Il processo vaticano sul controverso acquisto di un palazzo a Londra, che vede tra gli imputati il cardinale Angelo Becciu, dovrà essere rifatto. La Corte d’Appello del Tribunale dello Stato della Città del Vaticano ha accolto le eccezioni presentate dalle difese, riconoscendo errori procedurali nell’avvio del dibattimento. La decisione riguarda in particolare la citazione diretta a giudizio formulata dall’Ufficio del Promotore di giustizia e i successivi decreti emessi dal presidente del Tribunale. Secondo la Corte, queste irregolarità impongono la rinnovazione del dibattimento. Gli avvocati del cardinale, Fabio Viglione e Maria Concetta Marzo, hanno commentato la decisione parlando di conferma delle contestazioni avanzate fin dall’inizio.
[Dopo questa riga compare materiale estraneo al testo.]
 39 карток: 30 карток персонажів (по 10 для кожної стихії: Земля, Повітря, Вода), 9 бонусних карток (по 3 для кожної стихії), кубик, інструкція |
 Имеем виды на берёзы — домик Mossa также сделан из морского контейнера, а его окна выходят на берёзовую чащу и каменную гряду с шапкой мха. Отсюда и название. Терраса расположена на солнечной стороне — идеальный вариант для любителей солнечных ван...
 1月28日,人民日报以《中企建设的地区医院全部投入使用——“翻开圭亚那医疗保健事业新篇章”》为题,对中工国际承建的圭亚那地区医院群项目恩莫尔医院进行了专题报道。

Secondo la difesa, il pronunciamento dimostrerebbe che il diritto alla difesa non sarebbe stato pienamente garantito nella fase iniziale del processo.
Le condanne del primo grado
Il nuovo giudizio non cancella formalmente le condanne emesse nel dicembre 2023, ma di fatto ne supera gli effetti. In primo grado il cardinale Angelo Becciu e il finanziere Raffaele Mincione erano stati riconosciuti colpevoli di peculato.
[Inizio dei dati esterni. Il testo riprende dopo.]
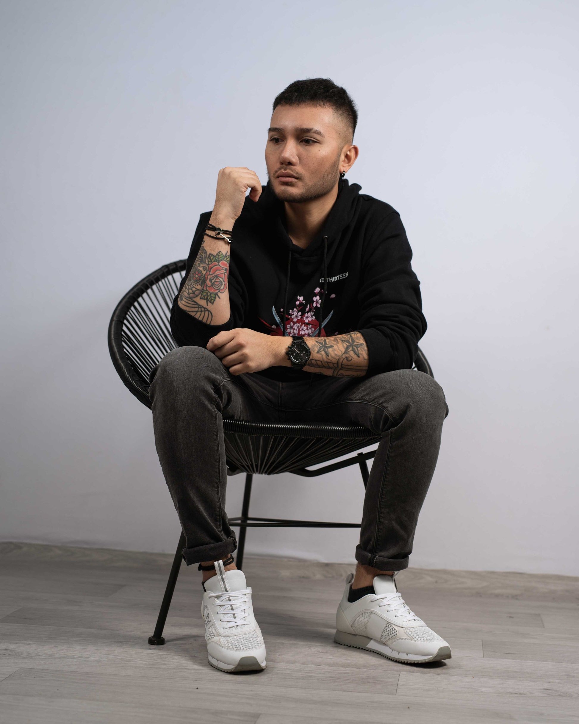 Dieser hochwertige, schwarze Hoodie bietet ein einzigartiges Design, inspiriert von japanischen Motiven.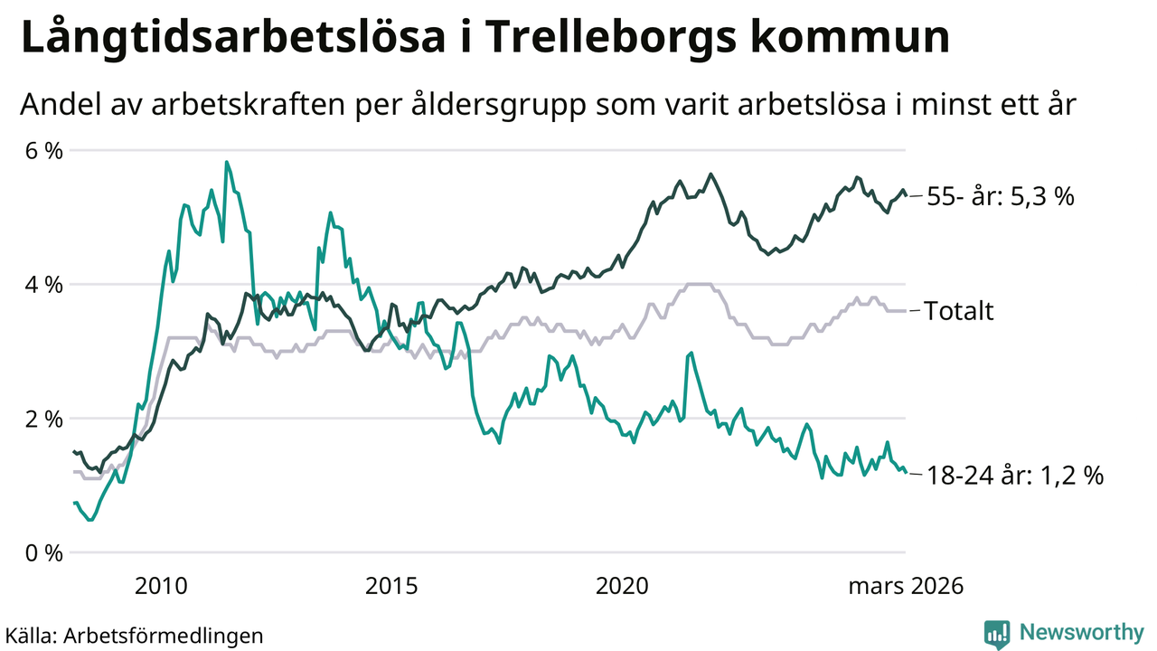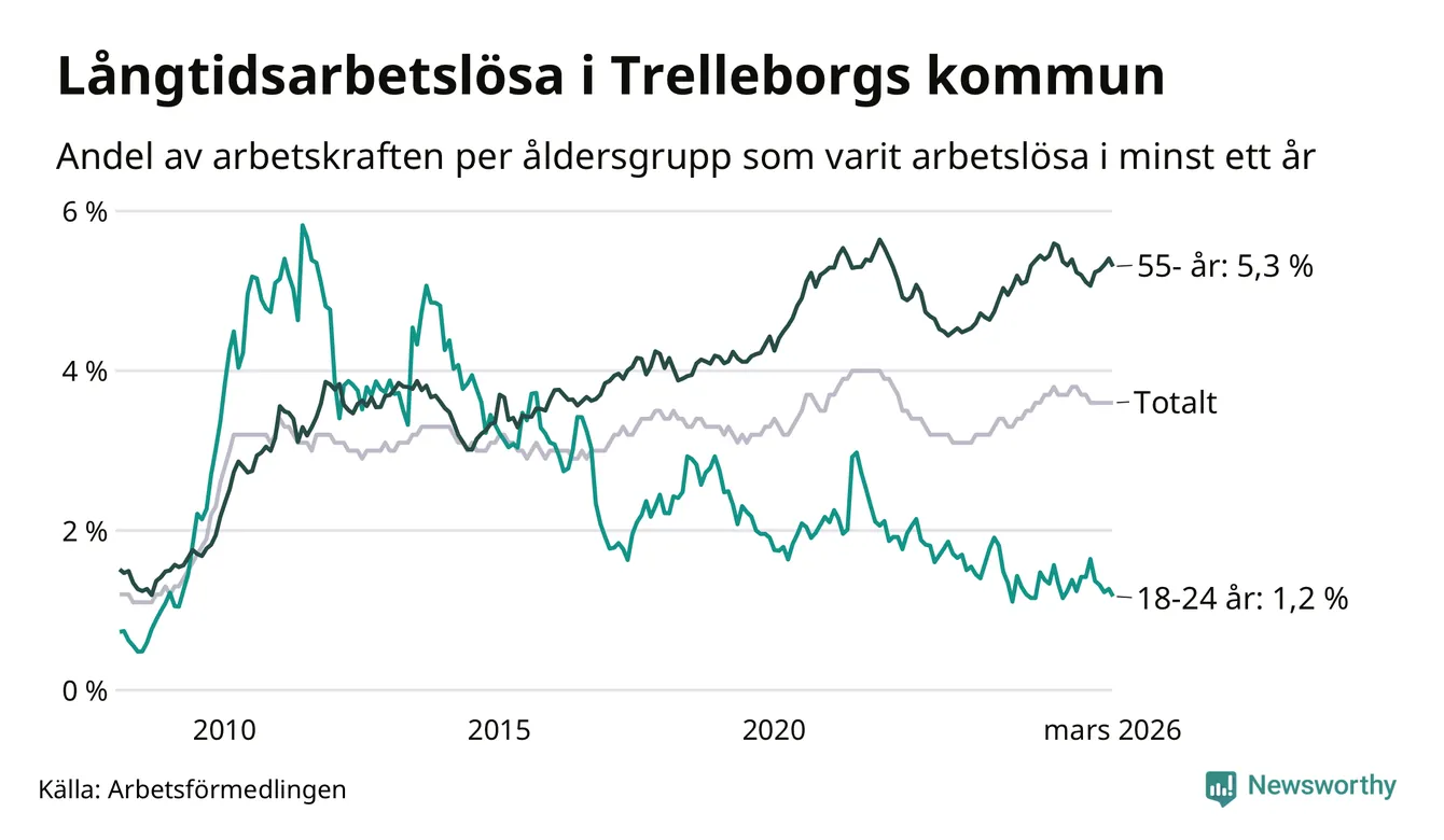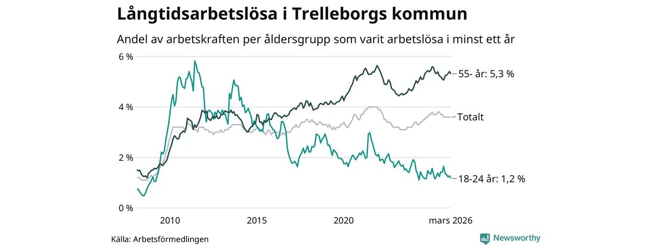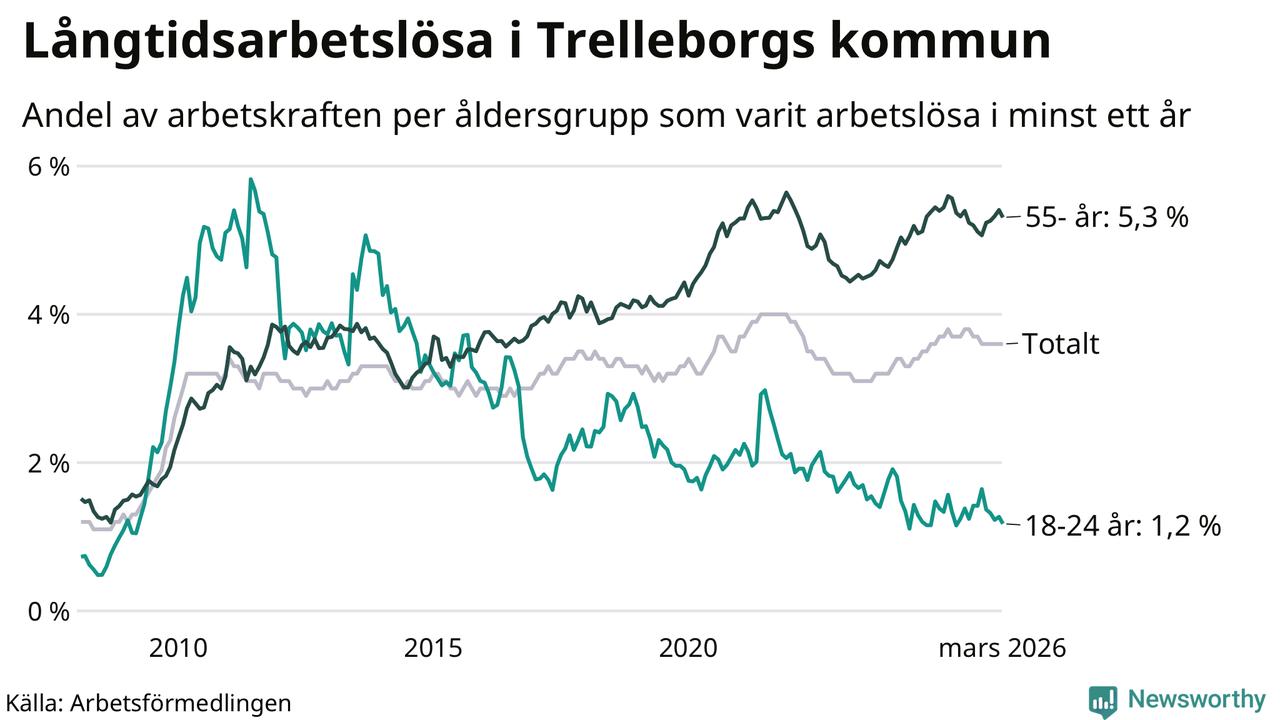 Av de 847 personerna som varit arbetslösa i mer än ett år i Trelleborgs kommun är 296 personer mellan 55 och 661 år och 26 är mellan 18 och 24 år. För den äldre gruppen är andelen arbetslösa 5,3 procent medan den i den yngre gruppen är 1,2 procent. Även i riket som helhet är långtidsarbetslösheten högre i gruppen äldre.

Altri imputati erano stati condannati per reati diversi legati alla gestione dell’investimento immobiliare londinese della Segreteria di Stato vaticana. Tra questi Enrico Crasso, condannato per autoriciclaggio, Gianluigi Torzi e Nicola Squillace per truffa aggravata, mentre Fabrizio Tirabassi era stato condannato per autoriciclaggio. Lo stesso Torzi era stato riconosciuto colpevole anche di estorsione in concorso. Il cardinale Becciu e Cecilia Marogna erano stati inoltre condannati per truffa aggravata in relazione ad alcune operazioni finanziarie contestate durante l’inchiesta.
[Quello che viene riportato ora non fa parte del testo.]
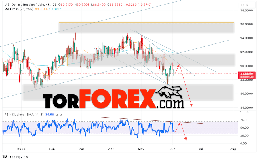 Дополнительным сигналом в пользу снижения валютной пары USD/RUB 5 июня 2024 выступит тест линии тренда на индикаторе относительной силы. Вторым сигналом станет отскок от верхней границы медвежьего канала. Отменой варианта падения пары USD/RUB на Форекс станет сильный рост котировок и пробой уровня 92.65 Рублей за Доллар. Это укажет на пробой области сопротивления и продолжение роста пары Доллар Рубль в область выше уровня 97.55. Подтверждением падению пары выступит пробой области поддержки и закрытие котировок актива под уровнем 87.35.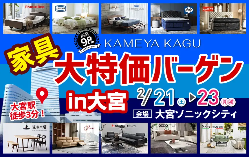 創業約100年の老舗家具屋 亀屋家具が「家具 大特価バーゲン」を開催!!!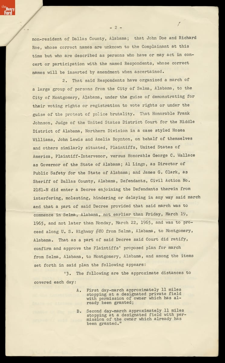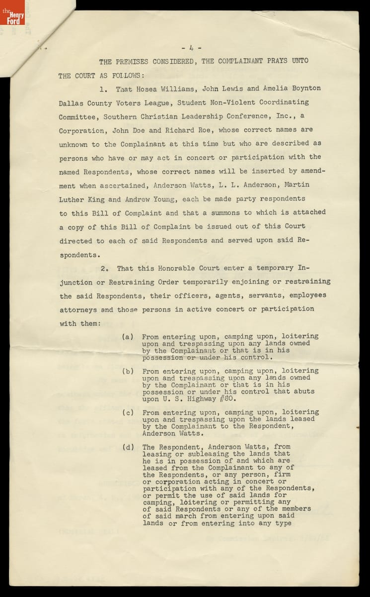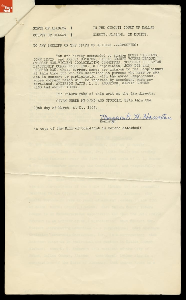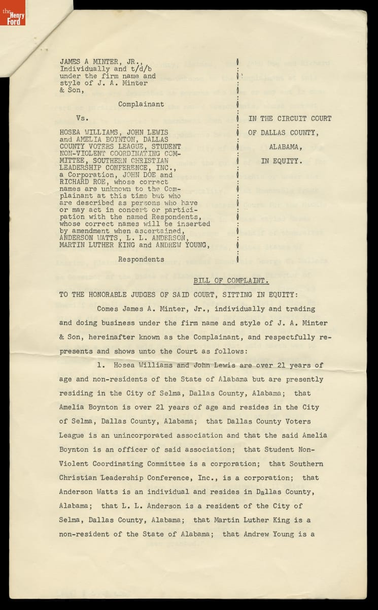 Injunction Filed by James A. Minter, Jr. of Selma, Alabama against Voting Rights Protesters on His Land, March 19, 1965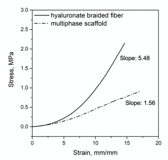 Mechanical characterization of the 3D scaffold. Stress–strain plot and elastic modulus values of hyaluronate braided band (continuous line) and of multiphase stem cell-based scaffold (dashed line).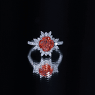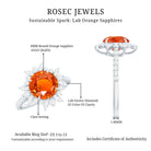 Turn heads and light up the room with this breathtaking Orange Sapphire Halo Ring - an eco-conscious statement piece that also serves as a bold and unforgettable engagement ring. At its heart sits a vibrant 8 MM round cut lab created orange sapphire, secured in claw setting. Encircling the brilliant orange center stone is a floral-inspired halo made up of alternating marquise and round lab created diamonds. This dynamic halo enhances the glow of main gem and gives the Cocktail Ring a romantic yet regal presence. The band adds extra sparkle, with round lab created diamonds adorning each shoulder. Crafted entirely with lab grown gemstones, this Orange Sapphire and Diamond Engagement Ring is not only stunning but also a responsible choice for those who value sustainability and ethical sourcing. Every stone is created with precision and care, offering exceptional clarity and brilliance without harming the environment. Whether you are marking a lifelong commitment or making a fashion-forward statement, this 2 Carat Orange Sapphire Ring is bold, elegant, and full of meaning - a celebration of color, conscience, and everlasting beauty.

La decisione della Corte d’Appello
Sul piano tecnico la Corte ha dichiarato la “nullità relativa” del giudizio di primo grado. Non si tratta quindi dell’annullamento totale del processo, ma di un vizio procedurale che impone la ripetizione del dibattimento.
L’ordinanza dispone il deposito in cancelleria di tutti gli atti e i documenti dell’istruttoria e stabilisce che le parti si presentino nuovamente davanti alla Corte il 22 giugno, data fissata per definire il calendario delle nuove udienze. Tra i punti evidenziati dalla Corte vi sarebbe anche il mancato deposito integrale del fascicolo istruttorio da parte del Promotore di giustizia, elemento ritenuto rilevante ai fini delle garanzie processuali. Il caso giudiziario resta uno dei procedimenti più complessi e delicati nella storia recente della giustizia vaticana, perché coinvolge per la prima volta un cardinale nel sistema penale dello Stato della Città del Vaticano per reati finanziari.